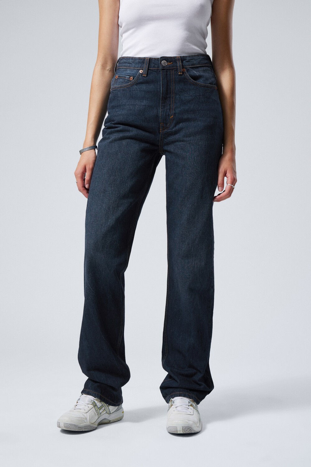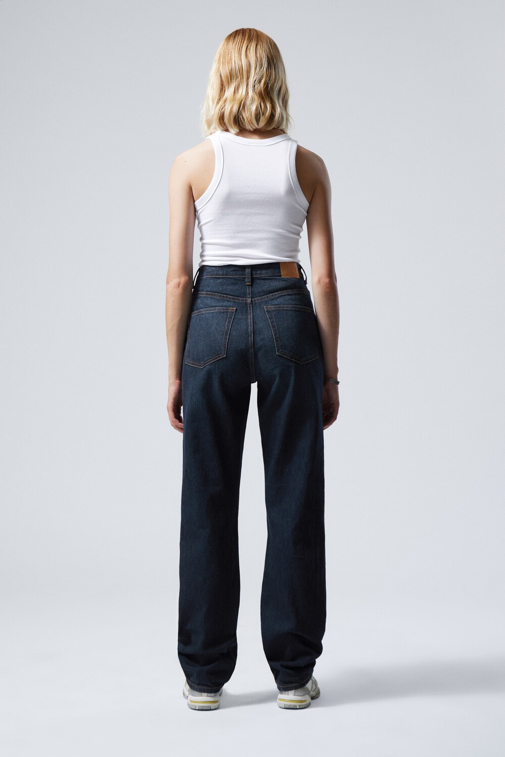 Бренд: Weekday Цвет: синий Пара прямых джинсов с очень высокой талией из жесткого денима, изготовленного из органического и переработанного хлопка. Этот популярный фасон имеет стандартный крой, классические детали с пятью карманами и хорошо сочетается с большинством обуви. РОСТ МОДЕЛИ: Рост модели 176 см/5 футов 9 дюймов, на ней размер 27/34. ДЛИНА. : Длинный Высота талии: Высокая талия Посадка: Стандартная посадка СТИЛЬ: Прямые брюки
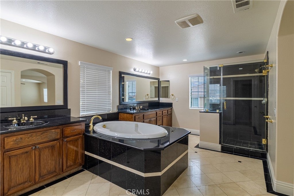 This is stunning, spacious home is located just minuties from TOP RATED schools with NO HOA in desirable neighbourhood of south Corona. Home features five bedrooms, including one downstairs, offers over 4,100 square feet of living space. Highlights include an open foyer with travertine flooring, high ceilings with abundant natural light, formal living with glass doors, seprate dining area for big family geatherings, a cozy family room with fireplace, a dream kitchen with ample counter top, center island, built in appliances, walk in pantry and serving station for dinning area. An upstairs spaciopus loft for family entertainment with mountain views. The primary bedroom boasts a retreat with soaking tub, shower, dual vanities, and a large walk-in closet, while other bedrooms are of good size providing lots of natural light making home bright & airy. One of the bedroom is with its own bathroom. The property also features a good-sized backyard with potential for RV parking, and is freshly painted both inside and out and new flooring.Won't be disappointed seeeing it.
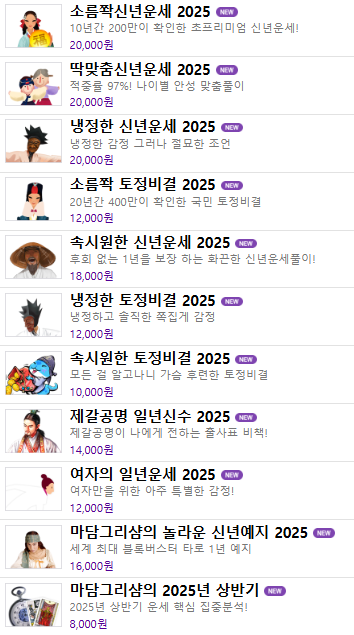 • 소름쫙 신년운세 2025: 나에게 일어날 모든 일을 알 수 있는 상품
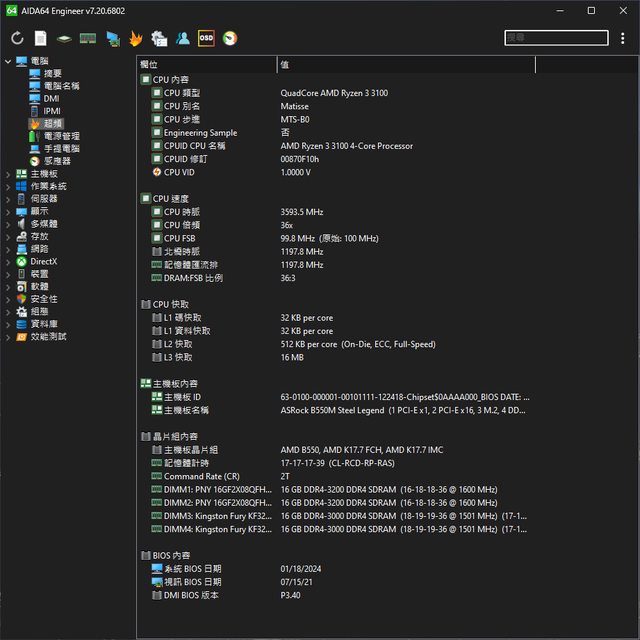 使用AIDA64 主機板正常
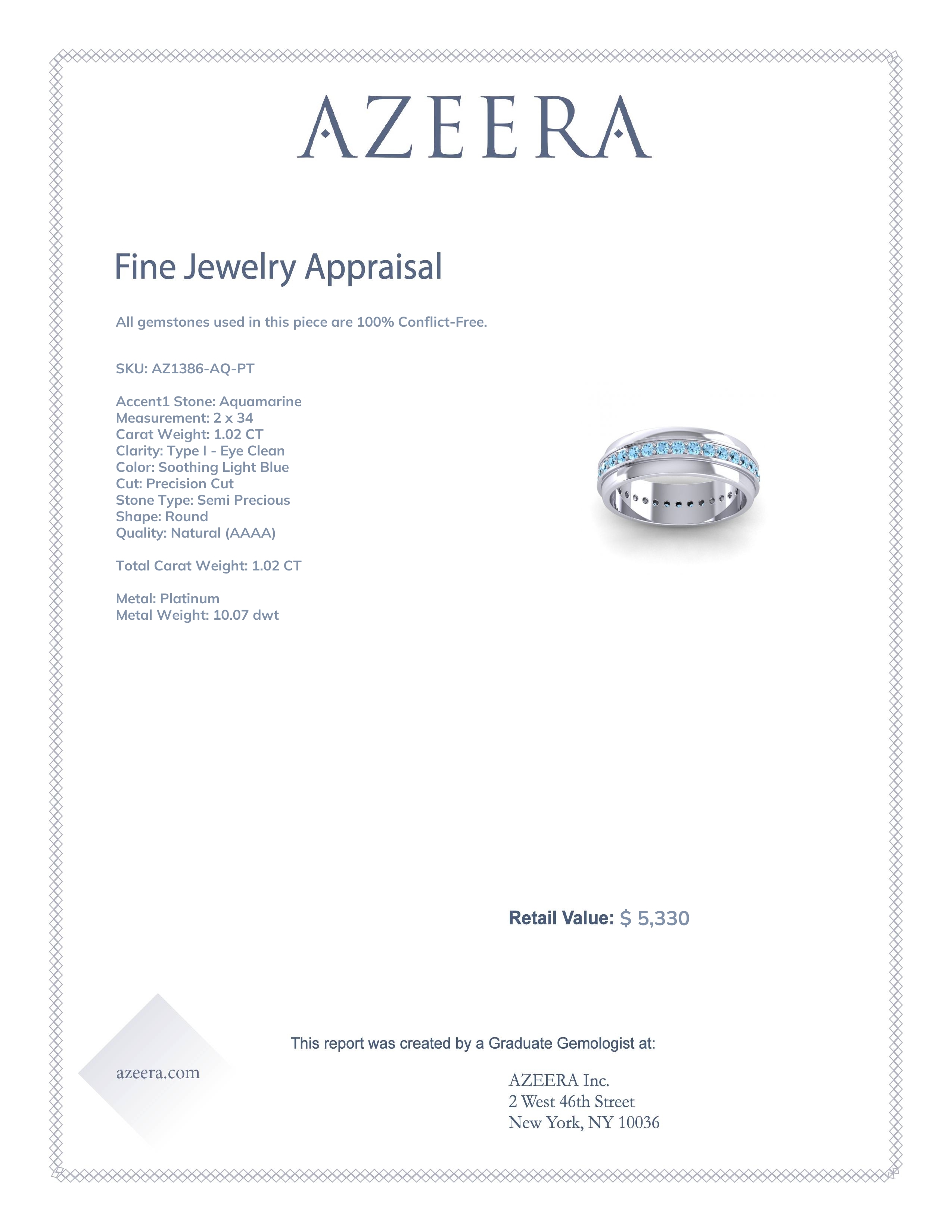 This Platinum Aquamarine mens wedding ring features top quality Aquamarine, amongst those found in fine jewelry boutiques across the world. This mens ring can be worn as a mens Aquamarine wedding band, or it can be worn as a general mens Gemstone ring. This Classical Band Has Round Brilliant Gems Of Your Choice in A Shared Prong Setting Around The Center Of The Band in Between Two Walls And Rounded Edges. Enjoy total worry-free shopping with our free shipping, returns, resizing, and lifetime warranty.

○ ○ ○ ○ ○

*TO DO*
The answer must be an exact copy of the entries, with the pictures omitted.

*SOLVED PROBLEM*
 Бренд: Weekday Цвет: синий Пара прямых джинсов с очень высокой талией из жесткого денима, изготовленного из органического и переработанного хлопка. Этот популярный фасон имеет стандартный крой, классические детали с пятью карманами и хорошо сочетается с большинством обуви. РОСТ МОДЕЛИ: Рост модели 176 см/5 футов 9 дюймов, на ней размер 27/34. ДЛИНА. : Длинный Высота талии: Высокая талия Посадка: Стандартная посадка СТИЛЬ: Прямые брюки
 This is stunning, spacious home is located just minuties from TOP RATED schools with NO HOA in desirable neighbourhood of south Corona. Home features five bedrooms, including one downstairs, offers over 4,100 square feet of living space. Highlights include an open foyer with travertine flooring, high ceilings with abundant natural light, formal living with glass doors, seprate dining area for big family geatherings, a cozy family room with fireplace, a dream kitchen with ample counter top, center island, built in appliances, walk in pantry and serving station for dinning area. An upstairs spaciopus loft for family entertainment with mountain views. The primary bedroom boasts a retreat with soaking tub, shower, dual vanities, and a large walk-in closet, while other bedrooms are of good size providing lots of natural light making home bright & airy. One of the bedroom is with its own bathroom. The property also features a good-sized backyard with potential for RV parking, and is freshly painted both inside and out and new flooring.Won't be disappointed seeeing it.
 • 소름쫙 신년운세 2025: 나에게 일어날 모든 일을 알 수 있는 상품
 使用AIDA64 主機板正常
 This Platinum Aquamarine mens wedding ring features top quality Aquamarine, amongst those found in fine jewelry boutiques across the world. This mens ring can be worn as a mens Aquamarine wedding band, or it can be worn as a general mens Gemstone ring. This Classical Band Has Round Brilliant Gems Of Your Choice in A Shared Prong Setting Around The Center Of The Band in Between Two Walls And Rounded Edges. Enjoy total worry-free shopping with our free shipping, returns, resizing, and lifetime warranty.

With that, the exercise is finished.